Twilight Zone

THE WORST part, if one looked at the bigger picture, isn’t even the reported P1 billion in government funds lost away through anomalous transactions and fraudulent paperwork. What is most galling is that it had to take the horrifying carnage known as the Ampatuan massacre for the Commission on Audit to finally summon the gumption to conduct a proper audit—its first—of the funds allocated to the Autonomous Region in Muslim Mindanao. And that, as Interior Secretary Jesse Robredo pointed out, the government auditors tasked to conduct that standard bureaucratic function had to be accompanied by police and military security because “if not, the ARMM could not be audited.”

Nothing illustrates with more eloquent clarity the meltdown of Muslim Mindanao into a Twilight Zone of lawlessness, corruption and terror under the reign of the Ampatuan clan than this warped, vicious arrangement. Operating a lucrative fiefdom underwritten by the national treasury, Zaldy Ampatuan’s ARMM governorship then shielded its chicanery from normal governmental oversight not only through spurious documentation, but, more insidiously, through the employment of stark intimidation and violence.

Ampatuan was first elected as ARMM governor in 2005. The COA report that uncovered the unaccounted P1 billion expenditures covered only the period January 2008 to September 2009, the result of a special audit initiated after Ampatuan’s ouster from the governorship following his and his family’s implication in the 2009 Maguindanao massacre. Of the massive funds released to the ARMM, a region that includes some of the country’s poorest provinces (Maguindanao itself, the Ampatuans’ home base, ranking third on the list), hundreds of millions of pesos were found to have been disbursed with fake receipts and invoices, paid to non-existent suppliers, or spent on expenses the amounts of which beggared belief.

In one instance, P117,000 was spent on one meal alone by the governor’s office. Twelve members of Ampatuan’s travel retinue were also said to have filed P2 million in claims—and they were not even government employees. The total amount of travel expenses incurred, mostly by Ampatuan’s drivers and bodyguards, was a staggering P5.3 million. And for a local government unit established to keep its focus on Muslim Mindanao, the ARMM maintained a Manila office—in upscale Makati, to the tune of nearly P30 million from January 2008 to September 2009 alone, some P173,000 of that amount going to the monthly office rent.

This thoroughgoing thievery wasn’t, of course, the result of any special skill or talent on the part of Ampatuan. His high-flying career as overlord of that part of Mindanao came with the enthusiastic backing and strategic support of then President Gloria Macapagal-Arroyo, who counted on the Ampatuan clan as a crucial political ally in the region. From GMA’s Malacañang came the billions that buttressed the power and influence of the sprawling clan, allowing it to build a private army, harass and eventually massacre political opponents, and engender the mind-boggling corruption in the ARMM governor’s mansion that is only now coming to light.

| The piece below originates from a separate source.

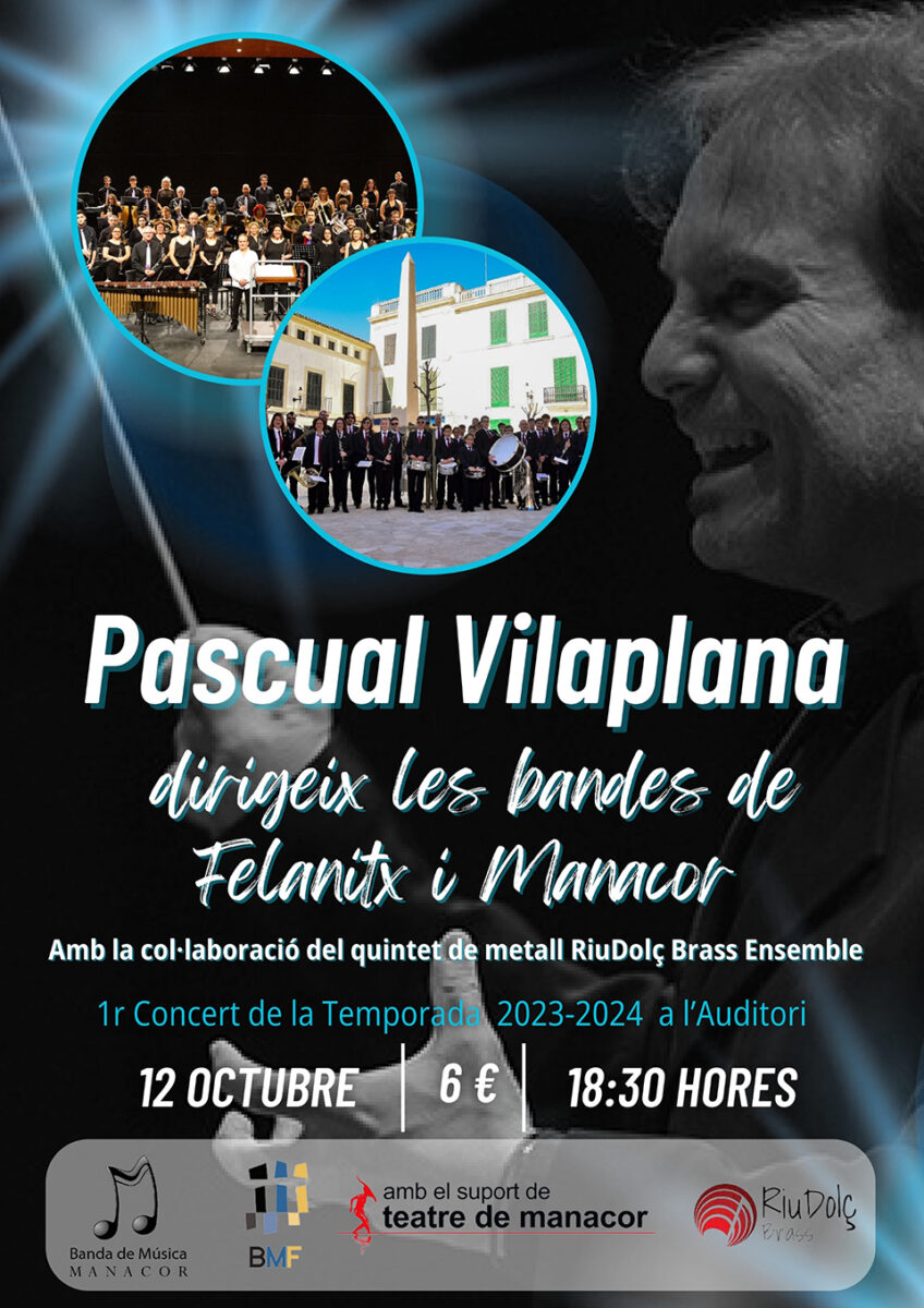 Aquest dijous dia 12 d’octubre, a les 18’30 h, les bandes de música de Felanitx i Manacor s’uneixen per oferir el primer concert de la temporada de la Banda de Música de Manacor a l’Auditori, on actuaran baix la batuta de José Rafael Pascual Vilaplana, actualment considerat un dels millors directors a nivell nacional. Ha rebut un llarg llistat de premis i reconeixements, i és el director titular de la Banda de Bilbao i cotitular de la Banda de Barcelona. A part de la seva trajectòria com a director també és un compositor de reconegut prestigi.

The way it handled hard cash indicated the level of confidence Ampatuan’s administration had in its never-ending bounty. According to the COA report, about P866.5 million in cash advances were given out, many times even with no stated purpose and in several big batches in one day. Not checks or paper guarantees, mind you, but cash—the bundles of money flowing out and simply disappearing into thin air.

In the wake of this report, filing plunder charges against Zaldy Ampatuan and his cohorts is the least the government can do. What cries out for a long-term solution is how to plug the enormous regulatory black hole in an autonomous local government unit such as the ARMM, so that funds allocated to it for the upliftment of the region are not squandered unchecked and unaccounted for through official misuse and corruption.

Ampatuan may be the guilty party now, but if the twisted set-up he so very successfully exploited is allowed to remain, it will spawn more of him. The rapacious mindset and culture that enabled his like need to be dismantled, beginning with the rigorous enforcement of rules on the proper use of public resources. Otherwise, in due time, P1 billion in plundered government money will prove to be the least of the nation’s losses.